Eine belegte Eurogrenze gibt es nicht – die Geschenkforschung misst Angemessenheit als Erwartung, nicht als Summe. Der übliche Rahmen des Anlasses ist der Korridor: was man in dieser Beziehung zu diesem Anlass so gibt. Deutlich mehr als erwartet kippt in Verdacht und Verpflichtungsgefühl – derselbe Mechanismus, der auch teure materielle Geschenke belastet (Mutluoglu et al., 2024). Innerhalb des Rahmens zählt die Widmung mehr als die Höhe.
Kann ich meinem Partner Geld schenken?
Besser nicht als eigentliches Geschenk. Die Partnerschaft ist eine Beziehung auf Augenhöhe – genau dort wird Geld laut Forschung am ehesten als unpassend gelesen (Burgoyne & Routh, 1991). Dazu kommt: Ein Geschenk in der Partnerschaft soll beweisen, dass einer den anderen sieht – Geld delegiert diesen Beweis zurück an den Beschenkten. Die Ausnahme ist ein gemeinsames, benanntes Ziel: Ein Beitrag zur Japan-Reise ist kein Umschlag, sondern ein Versprechen.
Ist ein Gutschein persönlicher als Geld?
Ein direkter Studienvergleich zwischen Gutschein und Bargeld ist uns nicht bekannt – hier ordnen wir ein, statt zu belegen. Strukturell ist ein Gutschein Geld mit eingebauter Widmung: Er legt fest, wofür der Betrag gedacht ist. Genau das leistet eine handgeschriebene Widmung aber auch – ohne die Nachteile des Gutscheins, der an ein Geschäft bindet und verfallen kann. Wer die Widmung selbst schreibt, schenkt zusätzlich Zeit und Mühe – die Währungen über jedem Verdacht.
Wie verschenkt man Geld persönlich?
Durch Bestimmung, nicht durch Bastelei. Drei Schritte machen aus einem Betrag ein Geschenk: das Ziel benennen („Für den Führerschein“), zwei handgeschriebene Sätze dazu, warum dieses Ziel – und nichts beilegen, denn eine Kleinigkeit obendrauf verwässert das Gesamtpaket (Weaver et al., 2012).
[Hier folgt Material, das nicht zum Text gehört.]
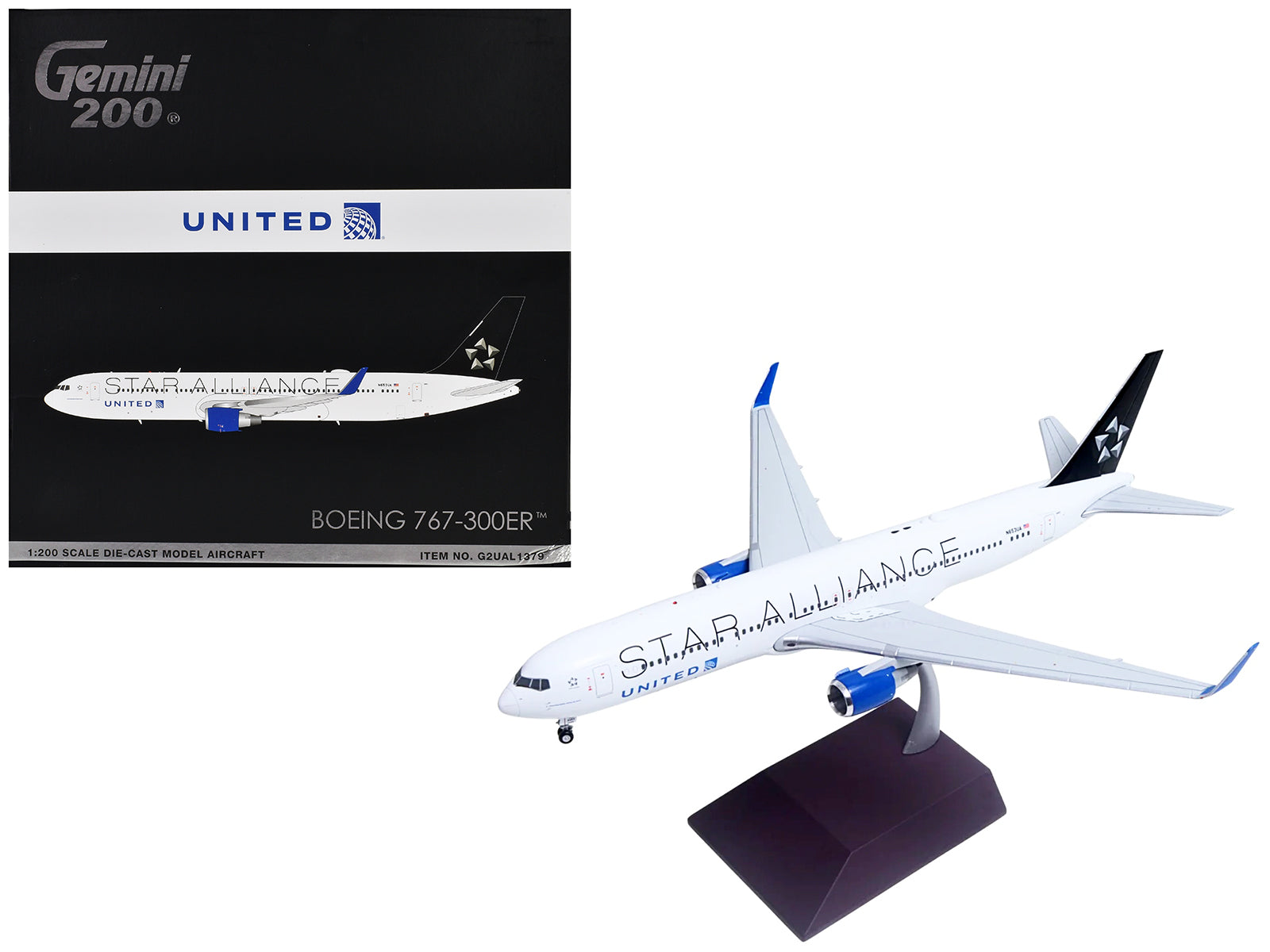 - Brand new 1/200 scale diecast airplane model of Boeing 767-300ER Commercial Aircraft "United Airlines - Star Alliance" (N653UA) White with Black Tail "Gemini 200" Series die cast model by GeminiJets.

Sichtbare Zeit und Mühe sind dabei mehr als Dekoration: Sie sind die einzigen Währungen, die ein Geldgeschenk über jeden Verdacht erheben.
Quellen
- Gino, F. & Flynn, F. J. (2011). Give them what they want: The benefits of explicitness in gift exchange. Journal of Experimental Social Psychology, 47(5), 915–922.
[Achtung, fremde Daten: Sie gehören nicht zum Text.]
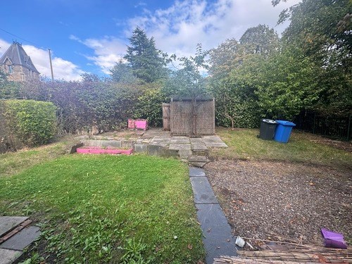 Back Garden- Laid to grass with a shed, driveway, apple tree and various other shrubs and bushes. Very private and away from public eye.

- Waldfogel, J. (1993). The Deadweight Loss of Christmas. American Economic Review, 83(5), 1328–1336.
- Burgoyne, C. B. & Routh, D. A. (1991). Constraints on the use of money as a gift at Christmas: The role of status and intimacy. Journal of Economic Psychology, 12(1), 47–69.
- Webley, P., Lea, S. E. G. & Portalska, R. (1983). The unacceptability of money as a gift. Journal of Economic Psychology, 4(3), 223–238.
- Chan, C. & Mogilner, C. (2017). Experiential Gifts Foster Stronger Social Relationships than Material Gifts. Journal of Consumer Research, 43(6), 913–931.
- Mutluoglu, A., Ashworth, L. & Robitaille, N. (2024). Looking a gift horse in the mouth: Suspicion of large gift expenditures undermines gift appreciation. Psychology & Marketing, 41(6). DOI: 10.1002/mar.21983
- Weaver, K., Garcia, S. M. & Schwarz, N. (2012). The Presenter's Paradox. Journal of Consumer Research, 39(3), 445–460.
Stand: Juli 2026. Wir aktualisieren diesen Artikel, wenn neue Forschung erscheint.